Ana içeriğe atla

Whiplash Güzellemesi



İzlemeyi henüz bitirdiğim Whiplash'le ilgili duygularımı yazıya aktarmaya çalışıyorum şu an ama film biter bitmez bir şeyler yazmak çok iyi bir tercih değil aslında.* Zira henüz hazmedilmemiş bir filmin bünyede bıraktığı etki sonradan değişebilecek yorumlar yapmaya sebebiyet verebilir. Hem olumlu hem olumsuz anlamda. Gel gör ki Whiplash'le ilgili o kadar heyecanlıyım ki en son ne zaman kendimi bir filme bu kadar kaptırıp akan yazılara hayran hayran baktım bilmiyorum. Bu kesinlikle izlediğim ve izleyeceğim en iyi yapıtlardan biri. Hatta şöyle söyleyeyim ilk üçte sapasağlam bir yer edindi kendine. Hala kulaklarımda "Caravan" çalıyor ve "Aman Allah'ım ! O nasıl bir çalış, bu nasıl bir film?" BA YIL DIM! Bayıldım! Söylemek istediğim pek çok şey olmasına karşın durup durup gülüyorum, ben ne izledim böyle?

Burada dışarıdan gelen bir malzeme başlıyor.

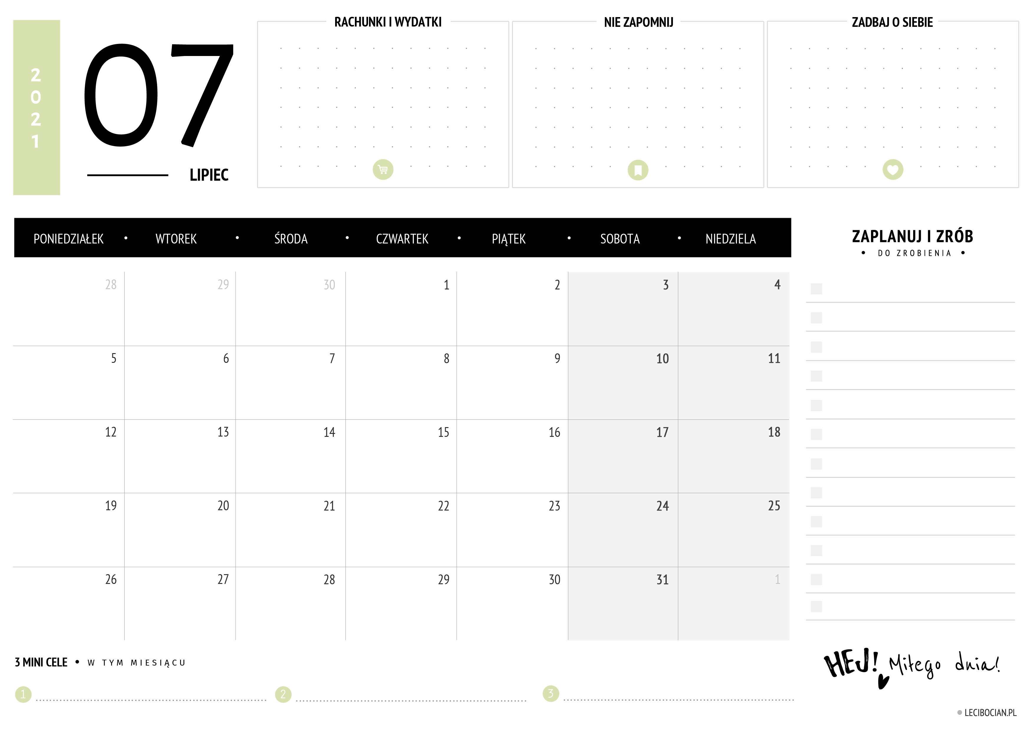 Wydrukuj darmowy planer na lipiec 2021

Gecenin şu vaktinde** kulaklığımdan taşan bateri sesinin bende kuş cıvıltısı gibi bir etki bırakması çok mu anormal?

   Bir kere şunu hemen belirtmek isterim ki Whiplash'i La La Land'den sonra izlediğim için inanılmaz mutluyum. Şayet tersi olsaydı La La Land'den sonra hissettiğim hayal kırıklığı çok daha büyük olacaktı.Whiplash gibi şahane bir filmden ve de inanılmaz şahane bir bitirişten sonra bunu bize niye yaptın ki Damien Chazelle?

   Filmde öyle güzel oynayan, klişe tabirle oynamayan da adeta yaşayan bir J.K.Simmons var ki... Uff! Oscar benim için kriter olmasa da kesinlikle hakedilmiş bir "En İyi Yardımcı Erkek Oyuncu" ödülü olmuş bu kendisi için, aldığı tüm o diğer ödüllerle birlikte. (Bu rol için toplamda 47 ödül almış.)  Ayrıca başroldeki Miles Teller da hiç altında kalmamış Simmons'ın. Gayet güzel ve başarılı bir performans koymuş ortaya. Sanırım bu filmle ilgili "bayıldım, şahane, inanılmaz" kelimelerini sıklıkla kullanacağım çünkü BAYILDIM, ŞAHANE, İNANILMAZ!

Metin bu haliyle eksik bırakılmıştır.